Cropping

Turned out not to be all that easy. Here is my solution, using mostly numpy. skimage is very slow. We've got 31K images in the training set alone, piping it through that is gonna take a while. Divide & conquer perhaps?

I have checked in an acual Python script together with this. Also, to run it - modify the root path.

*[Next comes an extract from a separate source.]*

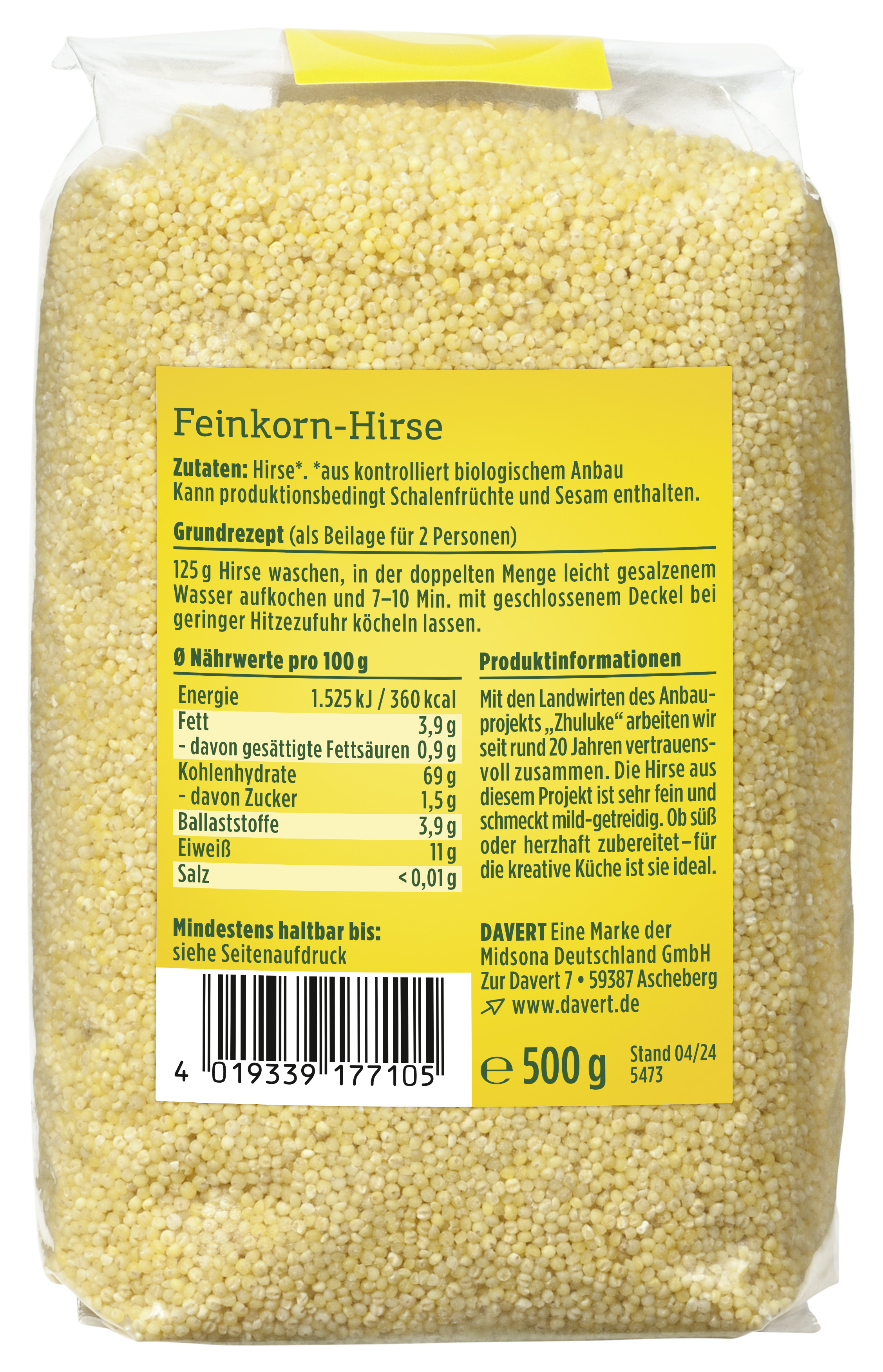 Mit den Landwirten des Anbauprojekts „Zhuluke“ arbeiten wir seit rund 20 Jahren vertrauensvoll zusammen. Die Hirse aus diesem Projekt ist sehr fein und schmeckt mild-getreidig. Ob süß oder herzhaft zubereitet – für die kreative Küche ist sie ideal.

The main problem is that the black is NOT always black</b> in the backgrownd. This necessitates using contour finding. Otherwise I'd just use numpy numpy.nonzero and be done with it.



In [10]:

    
# %load edges.py
from skimage import io
from os import path
from matplotlib import pyplot as plt
from skimage.feature import canny
import numpy as np
import cv2
from skimage.color.colorconv import rgb2gray
from autocrop import crop_manual

def do_cropping(eye, edge):
    row_dim, col_dim = np.nonzero(edge)

    x_top, y_left = row_dim[0], np.min(col_dim)
    x_bottom, y_right = row_dim[-1], np.max(col_dim)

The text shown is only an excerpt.